# Upset with me?



## Scooter's Family (May 23, 2008)

Is it possible for a puppy to be upset with us? I feel like a crazy person just asking that question!:crazy:

Tuesday Scooter was at the groomer for most of the morning and was a bit odd when he got home, he stuck close to me for the rest of the day and only had one play time.

Wednesday I was gone all day babysitting for my sister but my kids were home with Scooter. They said he whined a lot, kept looking upstairs, didn't want to play much and slept a lot. When I got home he went crazy and played for a long time but kept biting at us. He got up twice last night to go out, we were down to once a night, he threw up a tiny bit after eating this morning and has had an accident in the house. 

Could he just be out of sorts from what's gone on the past two days or am I reading too much into this? Or could he not be feeling well???


----------



## Havtahava (Aug 20, 2006)

How old is he now? It sounds like his routine was disrupted and he was just trying to figure things out. It is possible that he wasn't feeling well too.

Dogs are all about the pleasure, not about holding grudges or getting upset with people. They don't rationalize things, but they do pick up on our feelings and stress.


----------



## Tritia (Nov 17, 2007)

My dogs are always out of sorts for a few days after getting groomed. 

Hope Scooter is feelin' back to his old self soon


----------



## Scooter's Family (May 23, 2008)

He's about 4 months. I hope he's just out of sorts from having his routine changed around and is back to normal quickly.

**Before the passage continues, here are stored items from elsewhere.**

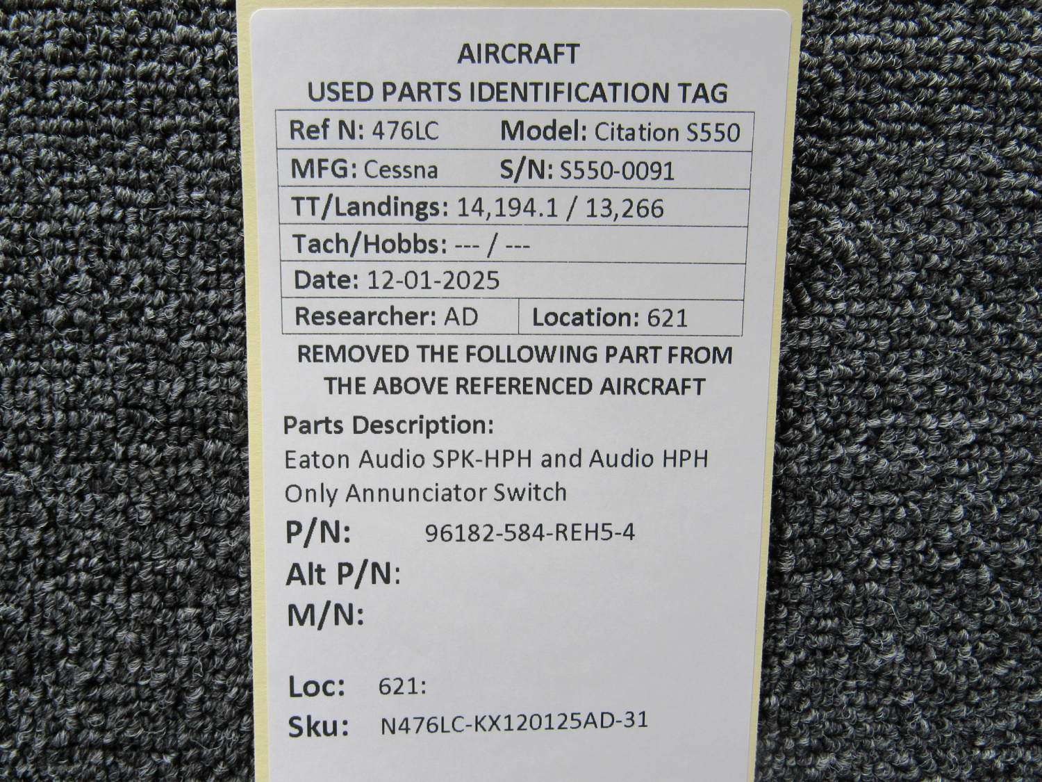 Unless specifically noted, most of our used airplane parts are sold in the condition they were removed, which means you should expect the usual signs of wear and tear.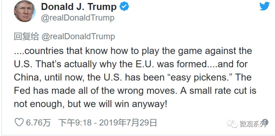 特朗普突然宣布对中国加税,里面还有一层意思,就是威逼美联储主席鲍威尔,开启一个连续的降息周期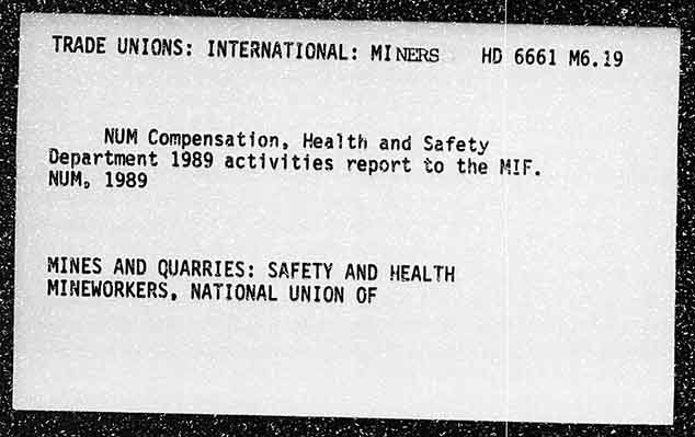 TRADE UNIONS: INTERNATIONAL: MINERS HD 6661 M6. 29 ; NUM Compensation, Health and Safety Department 1989 activities report to the MIF, NUM, 1989 MINES AND QUARRIES: SAFETY AND HEALTH MINEWORKERS, NATIONAL UNION OF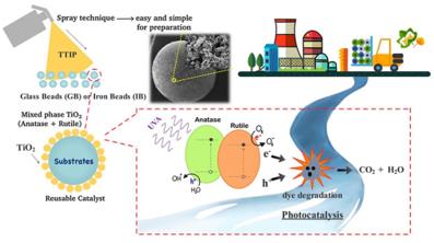 2 固定在兩種不同的基材上,包括玻璃和鐵珠。通過將液體分散液噴涂到基材上制備復(fù)合材料,然后將材料在不同溫度(600-750°C)下煅燒。在 700°C 的煅燒溫度下,SEM 和 EDS 分析表明,TiO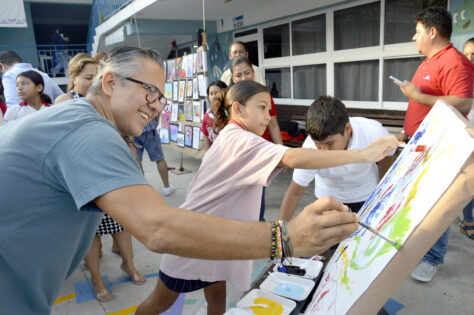 La Expo Artes Visuales e Interactiva de Elementos Plásticos fue un éxito rotundo, con una nutrida asistencia de familias y estudiantes. El evento se llevó a cabo en el patio de la escuela, donde los estudiantes de preescolar y primaria exhibieron sus obras de arte, creadas con pinturas, lienzos y materiales variados. El ambiente fue de integración familiar e interactivo, con padres y madres participando activamente en la creación de arte junto a sus hijos.

Thanks for replying, I'd be lost without this forum!


----------



## mckennasedona (Feb 20, 2007)

I know that some groomers used to give dogs a mild sedative for grooming. I don' know if any of them do that anymore but you might ask if they gave him anything to calm him. I had a groomer do that once in San Diego to a previous dog because I guess she wouldn't hold still for them. Needless to say, I never used that groomer again.


----------



## Me&2Girls (May 11, 2007)

Sounds like Scooter is just worn out - hopefully he's back to his old self today.


----------



## MopTop Havanese (Sep 25, 2006)

My Daisy will go into a sort of "depression" after I cut her hair short, and I do it right here in my own bedroom!
I think it'sjust the stress of something new~ and they must feel different without all that hair! I know I always feel so much better after I get a haircut!


----------



## Scooter's Family (May 23, 2008)

Susan-I will ask if they sedated him in any way but it didn't seem like it when I picked him up, he was going crazy to see us all. The groomer didn't mention that they use sedatives either.


----------



## Lilly's mom (Aug 10, 2007)

MopTop Havanese said:


> My Daisy will go into a sort of "depression" after I cut her hair short, and I do it right here in my own bedroom!
> I think it'sjust the stress of something new~ and they must feel different without all that hair! I know I always feel so much better after I get a haircut!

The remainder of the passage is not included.